The scope of the scholastic method is to analyze the content of dogma by means of dialectics. Scholasticism did not take its guidance from John Damascene or Pseudo-Dionysius, but from Augustine. Augustinian thought runs through the whole progress of Western Catholic philosophy and theology. The Venerable Bede (d. 735), is the link which joins the patristic with the medieval history of theology.

Up to the time of Anselm of Canterbury, the theologians were more concerned with preserving than with developing the writings of the Fathers. The beginnings of Scholasticism may be traced back to the days of Charlemagne (d. 814). Theology was cultivated nowhere with greater industry than in the cathedral and monastic schools, founded and fostered by Charlemagne. The earliest signs of a new approach appeared in the ninth century in the work of Paschasius Radbertus, and Rabanus Maurus. These speculations were carried to a greater depth by (Lanfranc, Hugh of Langres, etc.).

Anselm of Canterbury (d. 1109) was the first to bring a sharp logic to bear upon the principal dogmas of Christianity, and to draw up a plan for dogmatic theology.
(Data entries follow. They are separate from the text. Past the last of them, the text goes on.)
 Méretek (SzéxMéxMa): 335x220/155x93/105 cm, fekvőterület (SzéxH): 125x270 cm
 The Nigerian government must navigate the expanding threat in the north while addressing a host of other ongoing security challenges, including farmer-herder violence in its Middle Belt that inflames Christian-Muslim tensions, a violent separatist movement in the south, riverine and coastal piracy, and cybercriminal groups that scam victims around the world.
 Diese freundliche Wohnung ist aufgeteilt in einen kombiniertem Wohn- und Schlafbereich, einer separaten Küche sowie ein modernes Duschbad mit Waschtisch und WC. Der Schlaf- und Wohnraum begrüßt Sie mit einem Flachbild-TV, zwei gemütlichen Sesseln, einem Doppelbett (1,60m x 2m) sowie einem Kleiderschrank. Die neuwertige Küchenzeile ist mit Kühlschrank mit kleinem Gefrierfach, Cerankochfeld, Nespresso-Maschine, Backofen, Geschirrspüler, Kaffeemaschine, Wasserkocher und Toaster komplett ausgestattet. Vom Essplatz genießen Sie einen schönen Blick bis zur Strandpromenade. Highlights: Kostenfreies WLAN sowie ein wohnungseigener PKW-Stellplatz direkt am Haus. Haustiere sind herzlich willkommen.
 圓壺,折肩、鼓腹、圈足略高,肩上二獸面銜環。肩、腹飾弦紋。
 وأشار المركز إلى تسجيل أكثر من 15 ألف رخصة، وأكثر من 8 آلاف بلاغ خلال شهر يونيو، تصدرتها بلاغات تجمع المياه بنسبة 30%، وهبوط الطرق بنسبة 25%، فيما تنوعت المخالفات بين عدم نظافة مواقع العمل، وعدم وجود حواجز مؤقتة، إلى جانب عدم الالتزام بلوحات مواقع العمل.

Taking the substance of his doctrine from Augustine, Anselm, as a philosopher, was not so much a disciple of Aristotle as of Plato, in whose dialogues he had been schooled.
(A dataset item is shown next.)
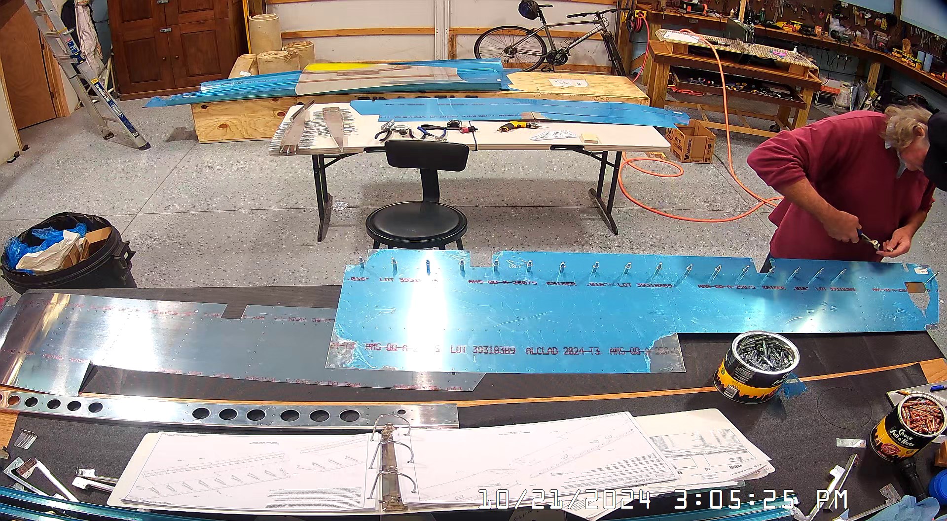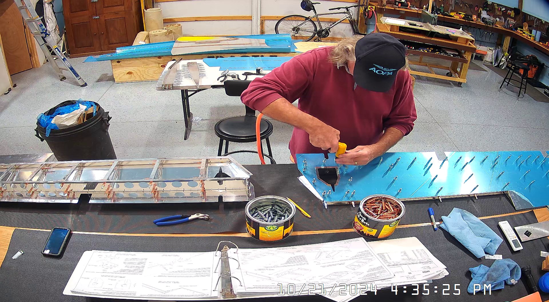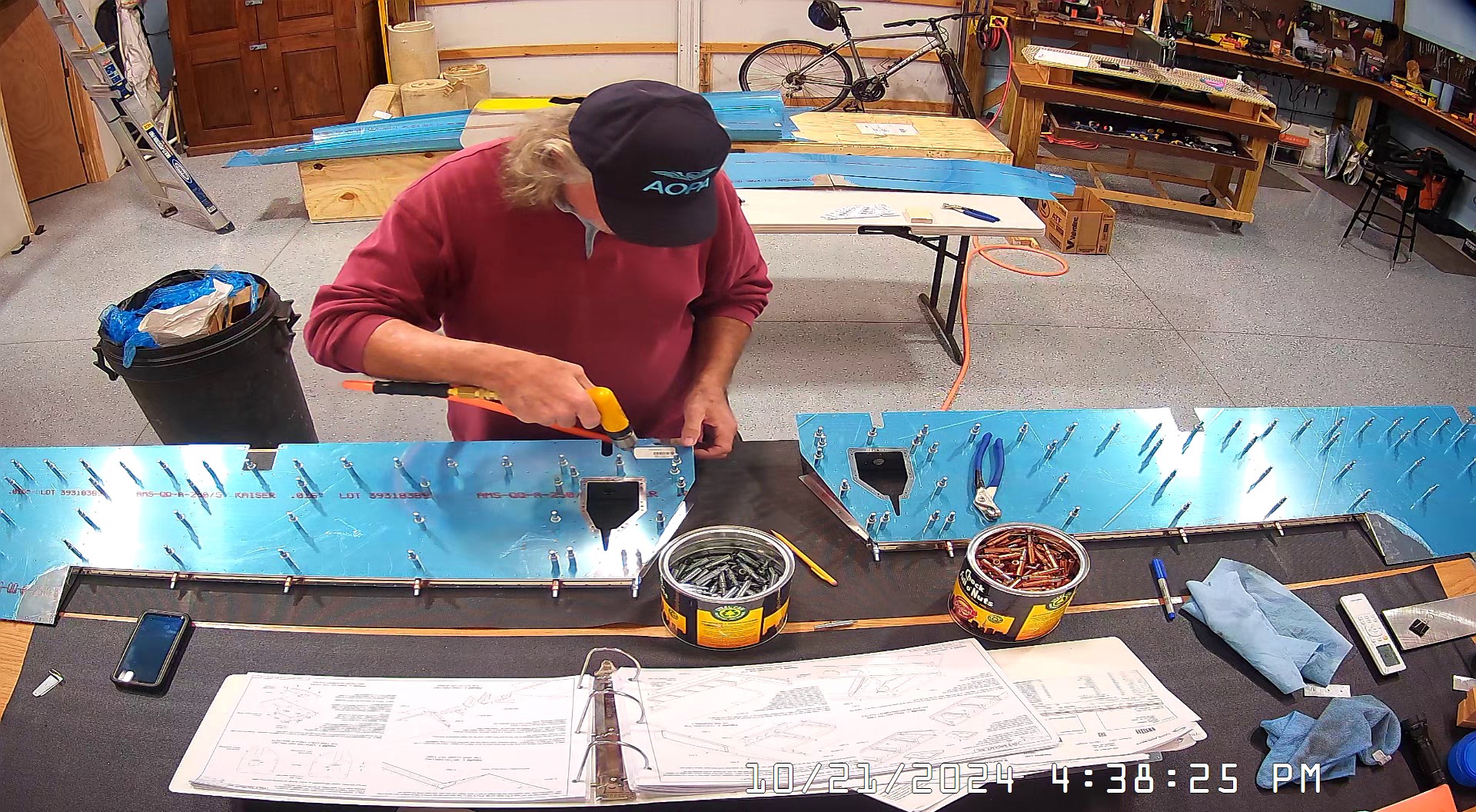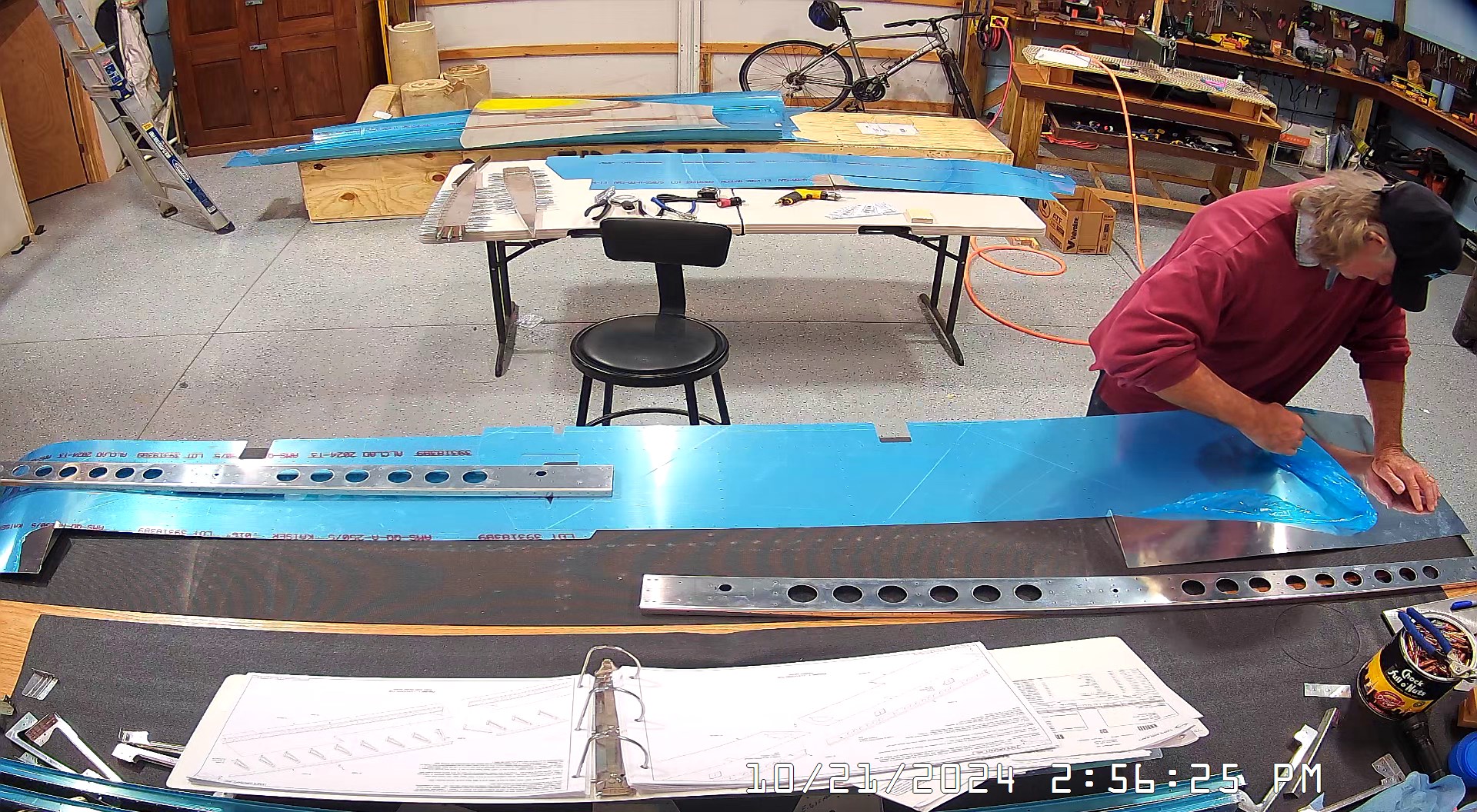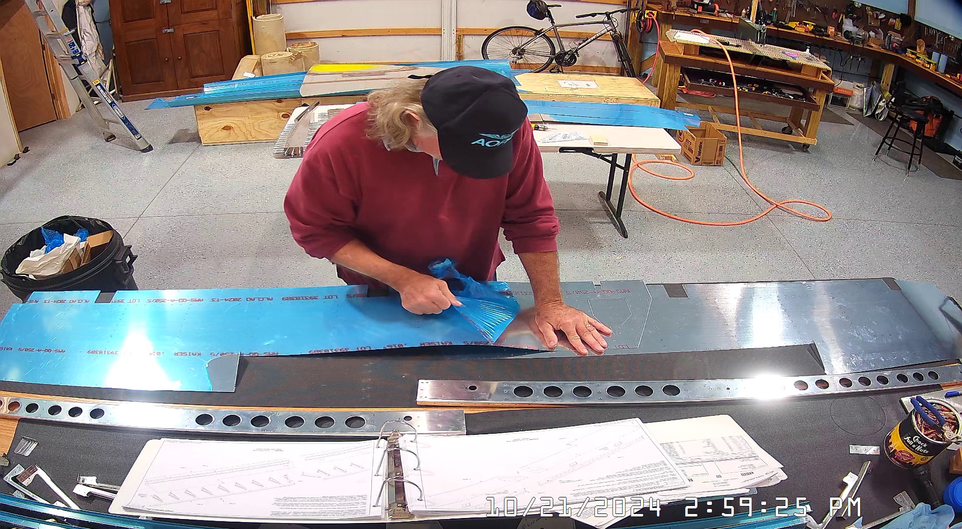 In some places, the manual instructs you to remove the vinyl before clecoing things together. This is not one of those places but I did remove the vinyl on the inside of the elevator skins before clecoing them to the E-1002 front spars per step 3, and the E-905 and E-1008 ribs and stiffeners per page 9-5. I had completed the drilling of the E-910 hinge plates and the 5/8th hole previously so just moved on with attaching the bottom skins to the spars.

The great mystics, Bernard of Clairvaux, and Bonaventure, were at the same time distinguished Scholastics. It is upon the doctrine of Anselm and Bernard that the Scholastics of succeeding generations took their stand, and it was their spirit which lived in the theological efforts of the University of Paris.

The first attempts at a theological system may be seen in the so-called Books of Sentences, collections and interpretations of quotations from the Fathers, more especially of Augustine. One of the earliest of these books is the Summa sententiarum, an anonymous compilation created at the School of Loan some time after 1125. Another is The Sacraments of the Christian Faith written by Hugh of St. Victor around 1135. His works are characterized throughout by a close adherence to Augustine and may serve as guides for beginners in the theology of Augustine. Peter Lombard, called the "Magister Sententiarum" (d. 1164), stands above them all. What Gratian had done for canon law Lombard did for dogmatic and moral theology. He sifted and explained and paraphrased the patristic lore in his "Libri IV sententiarum", and the arrangement which he adopted was, in spite of the lacunæ, so excellent that up to the sixteenth century his work was the standard text-book of theology. The work of interpreting this text began in the thirteenth century, and there was no theologian of note in the Middle Ages who did not write a commentary on the Sentences of Lombard. No other work exerted such a powerful influence on the development of scholastic theology.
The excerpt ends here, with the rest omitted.